An image captured by NASA’s New Horizons spacecraft shows the bright expanse of the western lobe of Pluto’s “heart.”
Image credit: NASA/JHUAPL/SwRI.

“The only reason Pluto was ever considered a planet was because people were grossly mistaken with how big it was,” said Brown, according to The Seattle Times.

This new definition doesn’t require approval from IAU or another central body to be used by scientists and researchers. According to Runyon and his colleagues, this new definition could be more useful to planetary scientists in their studies than the IAU definition.

The Planet Science Research Discoveries of the University of Hawaii has already adopted this new concept of a planet and will now be using this definition in their studies, instead of the IAU concept.

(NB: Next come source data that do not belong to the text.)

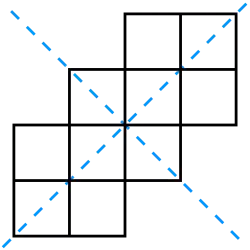 - 22 decominoes have an axis of reflection symmetry at 45° to the gridlines. Their symmetry group has two elements, the identity and a diagonal reflection.
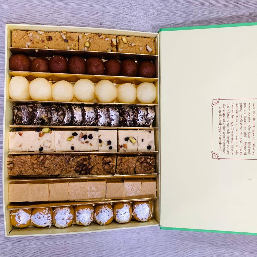 A generous and vibrant assortment of traditional sweets, thoughtfully curated to celebrate every cherished moment. From syrup-soaked classics to nut-rich delicacies and milky favourites, this box brings together a spectrum of beloved flavours in a bold, festive presentation.
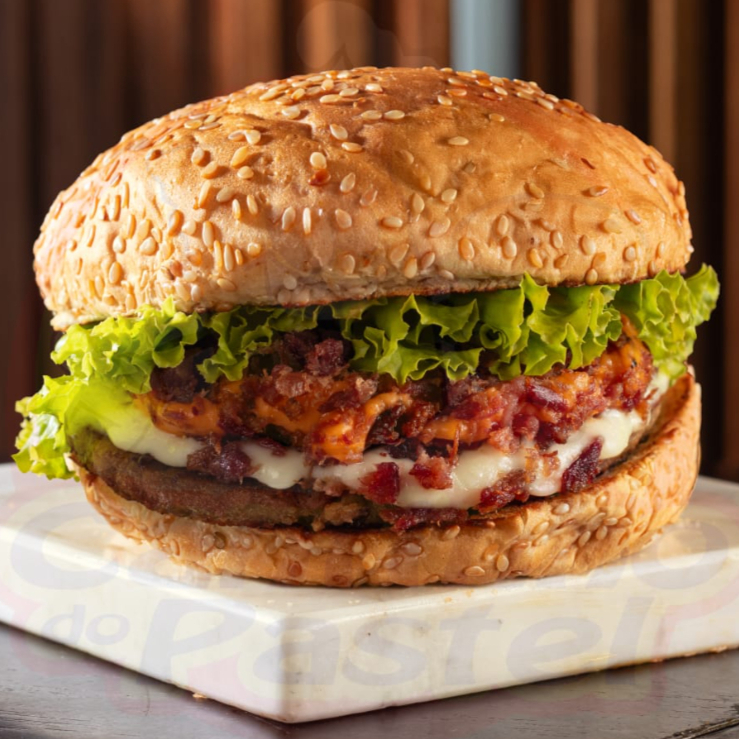 PÃO GERGILIM, QUEIJO, ALFACE E TOMATE, MAIONESE,NOLHO ESPECIAL, CARNE, CALABRESA TRITURADA, CHEDDAR E BATATA PALHA.
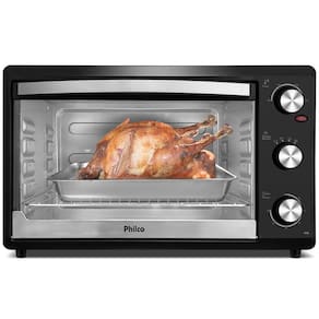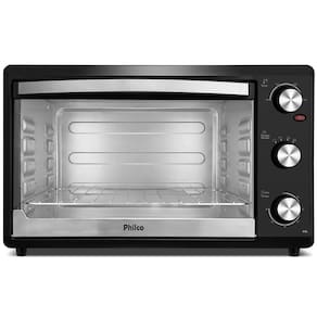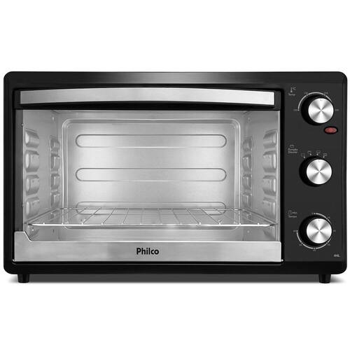 Forno Elétrico Philco PFE44P com capacidade de 44 litros, dupla resistência, temperatura ajustável de 100°C a 250°C, função dourar, timer de até 60 minutos com desligamento automático, grelha de aço inox ajustável em 3 níveis e bandeja coletora de resíduos.Forno autolimpante
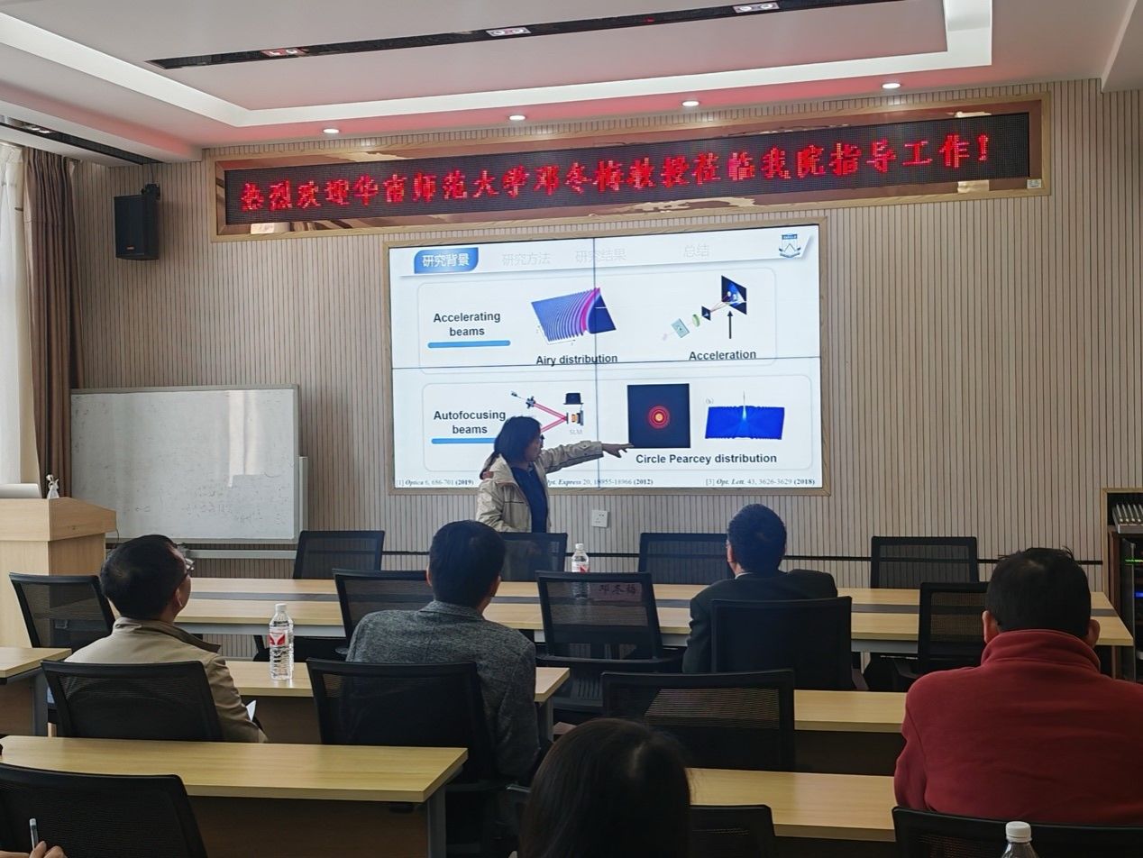 2025年4月3日上午,PA集团官网博士生导师邓冬梅教授应邀莅临PA集团官网,在理科楼北304会议室为师生带来了一场题为《结构光场的传输动力学及应用》的精彩学术报告。报告会由PA集团官网凌晓辉教授主持,院长谭延亮教授、副院长唐振坤教授,以及光学方向教师、研究生积极参与,邓冬梅教授组张赞博士也参加交流。
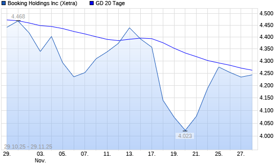 Mit dem Rücksetzer auf 4.232,00 EUR hat die Booking Holdings-Aktie am 28.11.2025 die 20-Tage-Linie nach unten gekreuzt.Die Booking Holdings-Aktie befindet sich seit dem 29.10.2025 im langfristigen ...weiterlesen
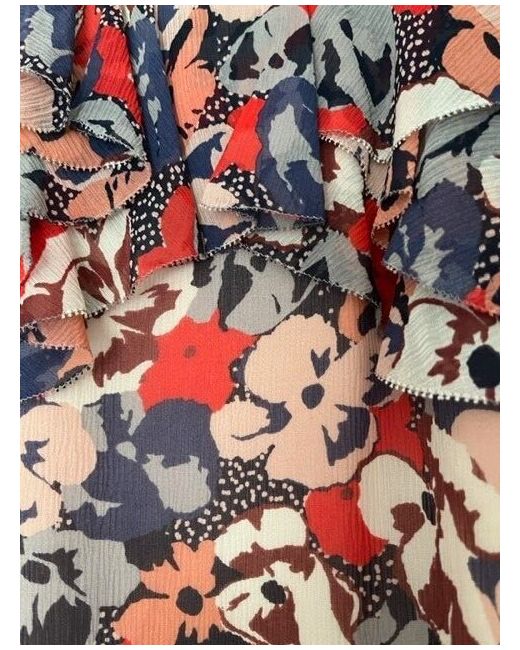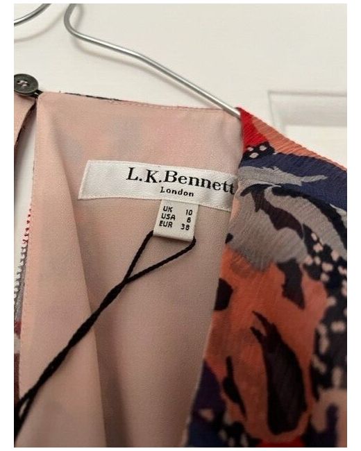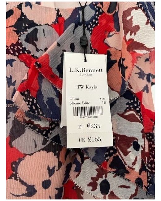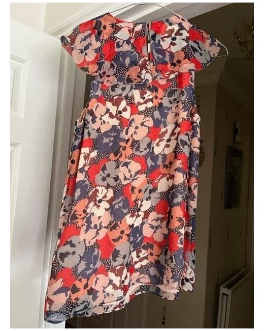 Pale pink lining 100% polyester. Pretty pattern with blue, pink and red flowers and a frill round the neck. Single button fastening at back. Approx hip length so will hang nicely over trousers or a skirt.

Pluto was discovered in 1930 by Clyde Tombaugh, and its size has been in discussion since that moment. According to some scientists, when Pluto was discovered, it was bigger than Jupiter, but its size has been reducing over the years, and by 2015 its radius was 1,187 kilometers.

“I want the public to fall in love with planetary exploration as I have,” Runyon said, according to ScienceDaily.